Students who plan to take a language in the Fall must complete a language placement form in STAR. Each language has a questionnaire and/or exam that must be completed before a student can register for a language course.
Learn more on the Department of World Languages, Literatures, and Cultures website.
Please complete the Russian questionnaire on STAR to determine the appropriate language level for you. If you have never studied Russian, you should enroll in RUSS 101.
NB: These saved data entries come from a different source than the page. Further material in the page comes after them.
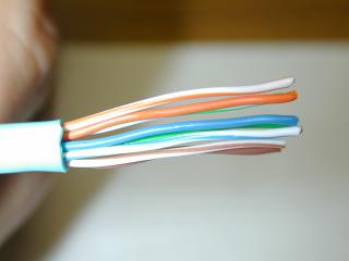 ケーブルをよくみると、橙、緑、青、茶の各ペア毎によじりの回数が違うはずです。 通信に使われる信号線は必ず一組でよじってある必要があります。 このあたりはノイズ対策とか、 通信距離の問題なのでこの通りになっていないと100Baseで通信できないとか、 長いケーブルでは10Baseでも何らかの問題が出ると思われます。 実際、100Baseで10m以上の長さのケーブルでこの組合せになっていないと、 ほとんどスピードが出ません。pingは通るけど、 FTPやHTTPのような大量のデータを扱う通信がほとんどできない事がありました。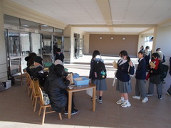 今朝は、社会科見学の申し込みをスクールサポート三中のみなさんがご協力していただき、受付けていただきました。いつもご協力ありがとうございます。1年生の社会科見学は、2月10日(火曜)です。冬休みから事前学習などに取り組んでいますので、だんだんと待ち遠しくなってきました。しっかり準備して、実り多い社会科見学にしましょう。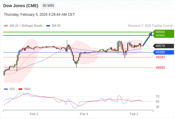 在 49390 之上,看涨,目标价位为 49900 ,然后为 50000 。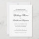 Convites elegantes com o título do evento "chá de casamento" e seus nomes em caligrafia negra e seus detalhes em uma fonte serif, sobre um fundo branco. A parte de trás é branca e pode ser alterada para qualquer cor que desejar. Este design clássico é perfeito para um chá de casamento de casal formal.

Majors and Minors: Students who are considering a Russian major or minor should enroll in the appropriate level language course based on the results of the placement questionnaire and/or consultation with Russian program faculty.
Courses
RUSS 101
Elementary Russian I
Common Area: Language Studies
Promotes active communicative skills along with the basics of Russian grammar. By course end, read, write, understand, and speak Russian in a broad range of everyday situations. Various aspects of Russian culture and life are introduced through the medium of language. Five class hours weekly and language lab practice. One and one-quarter units each semester.
RUSS 201
Intermediate Russian I
Common Area: Language Studies
Designed to activate students' spoken Russian, a wide variety of in-class activities allow students to practice Russian needed for most everyday situations. Textbook and workbook are supplemented with audio and videotapes. Conducted in Russian. Prerequisite: Russian 102 or the equivalent. Five class hours weekly. One and one-quarter units each semester.
RUSS 258
Russian Cinema
Common Area: Arts
This course examines the development of Russian cinema from its silent pre-Revolutionary stage up to the Post-Soviet blockbusters. It focuses on the artistic and technical achievements of Russian filmmaking and their contribution to practical and theoretical aspects of western cinema. We will discuss the distinction between Russian cinema as an ideological tool of a totalitarian state, and western cinema as an entertainment industry. Screenings will include a variety of cinematic genres and styles such as Eisenstein's legendary The Battleship Potemkin (1925) and the Oscar-winning films Moscow Does not Believe in Tears (1979) and Burnt by the Sun (1994). Conducted in English.
RUSS 264
Writing Under Stalin
Common Area: Literature
This course examines major literary works of the Stalinist era as the artistic expression of the Historial Studiesory of twentieth century art, its writers and poets, and their relationship to the Soviet dictator, Joseph Stalin. The course teaches students how to discern symbolic systems that encode the works, often as a form of protest. It also considers the ethical issues at the heart of the works that concern such resistance and its risks and the role that art plays in such discussions. This course presents the social, political and cultural history of the Stalin-era Soviet Union (1922-1953) through primary and secondary historical sources, literature, arts, film (documentary and interpretive), and music. It attempts to piece together the history of Stalinism, while asking students to consider the moral complexities of the time and its relevance to Russia as well as to other modern day nations. Students grapple with multiple voices that compete to “own” the history of Stalin, including that of Stalin himself. Conducted in English.
RUSS 299-F03
Religions of Russia
Common Area: Studies in Religion
Westerners often associate Russia with the onion domes of its Orthodox churches. But did you know that this form of Christianity is just one of Russia's four officially recognized faiths? The others are Judaism, Islam, and Buddhism. In this course, you'll learn how Russia's four faiths or "professions," along with a variety of other popular religious practices like shamanism and animism, have influenced the country's culture, politics, literature, art, and architecture from medieval times to the present. On this foundation, we'll pay particularly close attention to the Putin administration and the power of pro-Kremlin religious institutions, organizations, and people and the dissidents, artists, and social movements that resist them. Texts include works of fiction, journalism, film, visual art, music, and other media.